Evidence that Canada's economy has been sideswiped by the slowdown in economic activity south of the border has been gathering for months.
* According to the government agency Stastcan, the Canadian economy grew at an annual rate of just 1.2 percent in November. The biggest negative was a .5 percent drop in manufacturing output from the previous month. Auto production fell 4.6 percent, its third consecutive monthly decline, while auto parts makers cut their output by 5.4 percent.
* A Canadian business conditions survey released last week showed the biggest drop on record with employers reporting weak orders and anticipating reduced production. Of 4,000 businesses surveyed, 48 percent reported declining orders, up sharply from 18 percent in October. Just 15 percent of companies surveyed said they anticipate increasing production.
* Unemployment rose in January by .1 percent to 6.9 percent and, with a growing list of employers announcing layoffs and plans to slash jobs, will in all likelihood rise in coming months.
In terms of layoffs, the hardest hit sectors are the auto industry and the high tech sector. The former is the mainstay of Canada's industrial economy, while high tech has been far and away the sector experiencing the most rapid growth in recent years.
On Thursday, Nortel Networks, the crown jewel of Canada's high tech industry, announced that it would be slashing its worldwide workforce by 10,000, not the 6,000 it announced only five weeks ago. About one quarter of the layoffs, or 2,500, are expected to be in Canada. Nortel coupled its layoff announcement with a sharp reduction in its growth forecast for the current year. This triggered a sharp decline in Nortel's share price. Last July, Nortel's capitalization represented more than a third of the value of all the companies listed on the Toronto Stock Exchange. Since then, Nortel has lost more than two thirds of its value, causing widespread losses among investment houses and individual investors.
JDS, the world's dominant player in the design and manufacture of fiber-optic components and modules for telecommunications networks, recently sent pink slips to 700 contract workers at its Ottawa operations.
But the biggest job losses have come in the auto sector. As part of its plans to slash 26,000 jobs in North and South America, DaimlerChrysler has announced it will cut about 4,300 blue-collar and salaried jobs in Canada. In addition, the jobs of 1,200 workers who assemble full-sized vans at a Windsor, Ontario assembly plant are in jeopardy if no new product is found for the plant by next year.
General Motors, which is set to trim North American production by 25 percent this quarter, has announced the temporary closure of assembly plants in Oshawa, Ontario, and Ste-Thérêse, Quebec. Ford has cut its North American production plans by 17 percent this quarter.
Inevitably, job cutting by the Big Three will spill over into the auto parts industry and other key supply industries, such as plastics, rubber and textiles, threatening at least 10,000 more auto-related job this year.

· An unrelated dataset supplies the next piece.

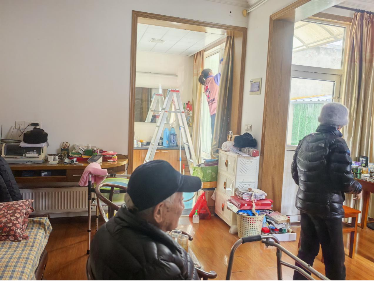 “年纪大了,站在高处擦窗户,是心里想做却实在做不到的事了。真是太感谢社区,感谢这些好心的姑娘们!”看着眼前明净的窗户,张典煌老人握着志愿者的手,不住地表达谢意。邢田才老人的家中也同样洋溢着温暖与感激。
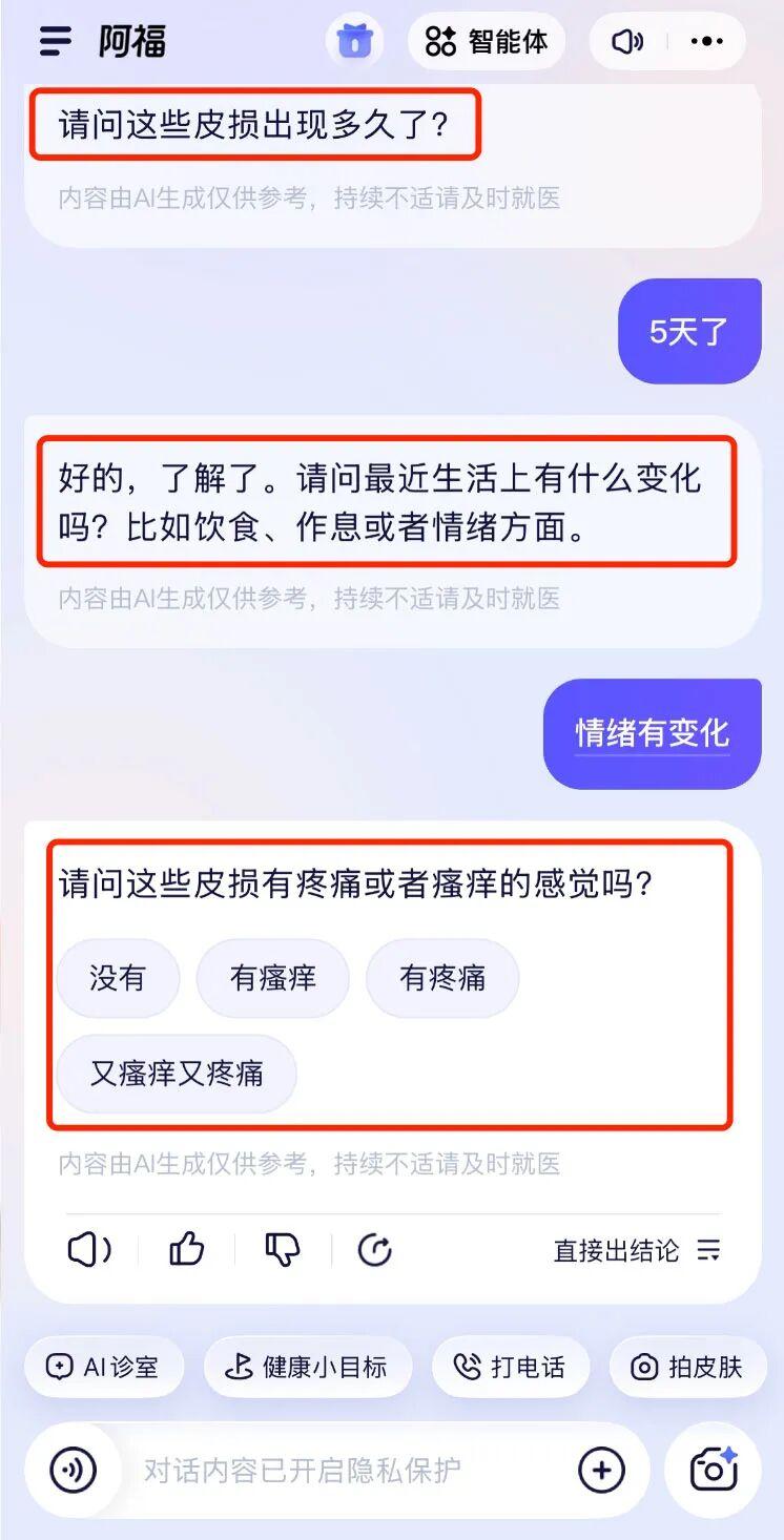 緊接着,阿福沒有立刻“診斷”,而是像一位耐心的醫生開始追問:“這種情況出現多久了?”“近期飲食作息如何?”“有沒有瘙癢或疼痛?”——這幾輪互動下來,它蒐集的信息越具體,後續的判斷和建議也顯然更有針對性。

Already, the automotive wheel firm Alloy Wheels International (Canada), one of the largest employers in Barrie, north of Toronto, has filed for bankruptcy, putting 505 people out of work.
Cars, trucks and auto parts account for more than 40 percent of Ontario's exports and one in six jobs in Canada's most populous province. Seven percent of the country's gross domestic product comes directly from the auto industry.